I'd like you to mention that Linux has some memory problems which
makes it questionable to run in some professional environmments.
On a server where memory gets fragmented and some programs are running
that request large amounts of RAM I often experience memory problems.
The most recent example is the following:
kuolema!root(ttyp2):/usr/src/boot-floppies# dd if=resc1440.bin of=/dev/fd0
dd: /dev/fd0: Device not configured
Looking at syslog tells me that the problem is found inside of Linux
memory management:
May 2 11:02:35 kuolema kernel: floppy0: Unable to allocate DMA memory
I have regularily experienced the same problem when working with
cdrecord. It wasn't able to get enough memory for its buffer and
therefore killing my writables.
Additionally I have also experienced the very same problem when
the machine had only 32M of RAM and using /dev/audio or /dev/dsp.
Since the problem also seems to be that one program doesn't get
enough free continues free memory, a simple workaround is to issue
'tail /dev/zero' and wait until it exits with 'memory exhauseted'.
After that you have enough continues free memory and your app will
work again.
As a result, I'm always issuing this command before I call cdrecord,
just to ensure that this is not a reason for killing my writables.
I know from a report about the glorious mindcraft benchmark that
Linux' memory management is tunable, but where is it documented
so that also not-experienced users are able to tune the system?
Please don't interpret this mail as general complaint.
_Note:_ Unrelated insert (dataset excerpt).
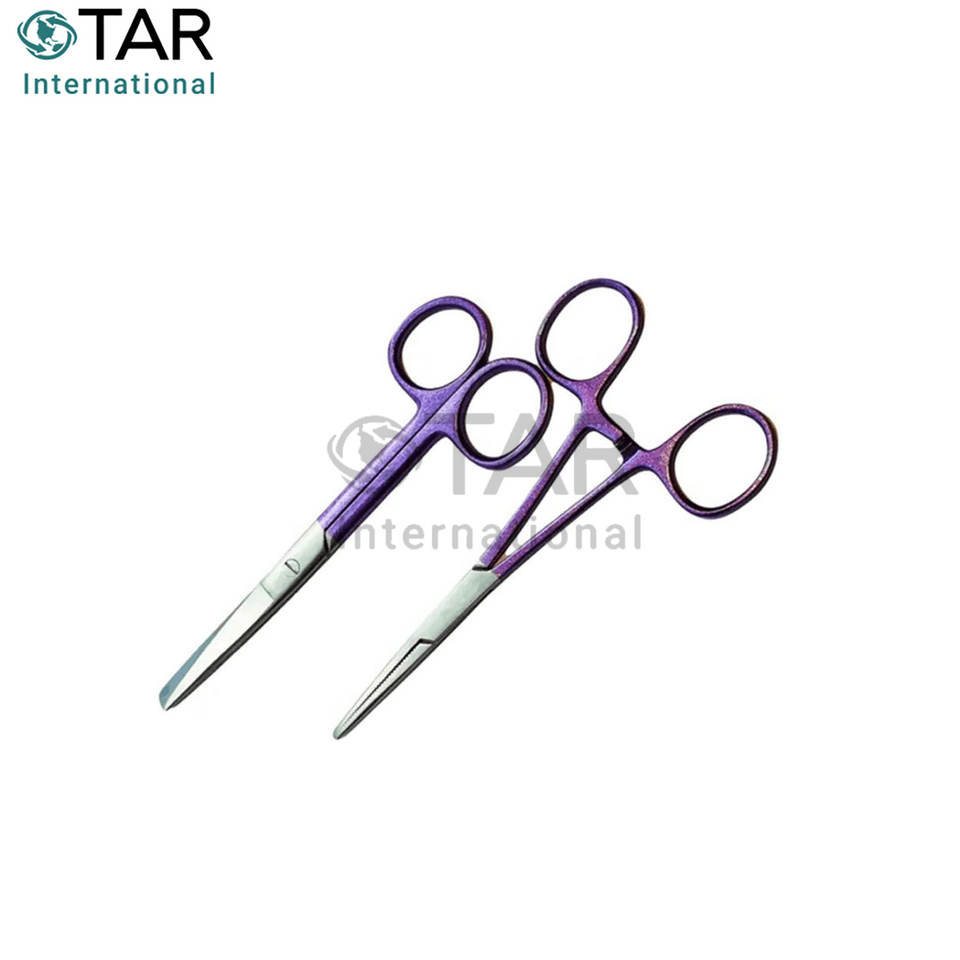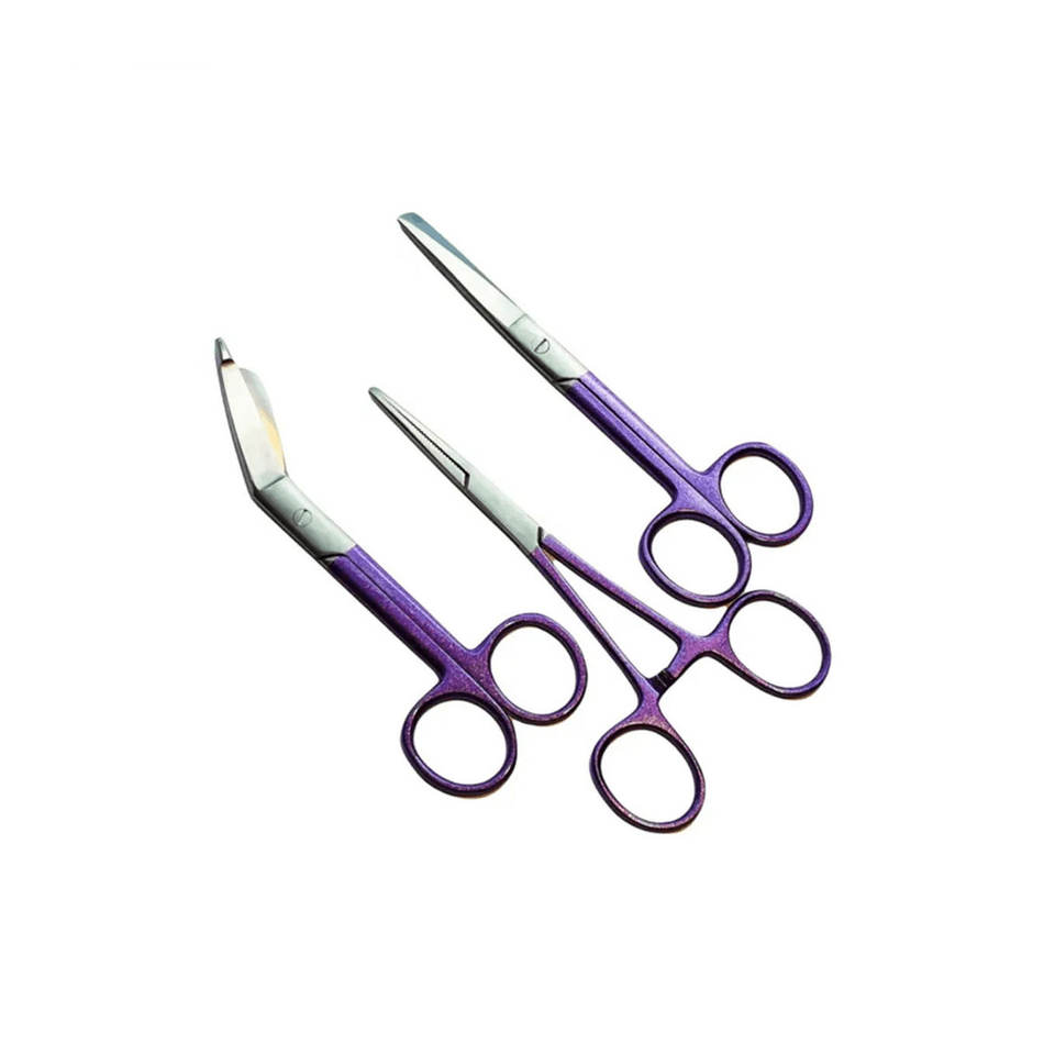 ชุดกรรไกรพยาบาล สีม่วงเมทัลลิก ชุด 3 ชิ้น กรรไกรตัดผ้าพันแผลลิสเตอร์ คีมหนีบห้ามเลือด ดีไซน์ตรง สีม่วง สำหรับการผ่าตัด

I don't have
enough experience to rework the mm subsystem (thanks god), so I'm
not complaining - I'm very happy to be able to use Linux - but I'd
like you experts know that there is a problem.
The machine kuolema runs 2.0.36 atm.
Regards,
Joey
-- Whenever you meet yourself you're in a time loop or in front of a mirror.Please always Cc to me when replying to me on the lists.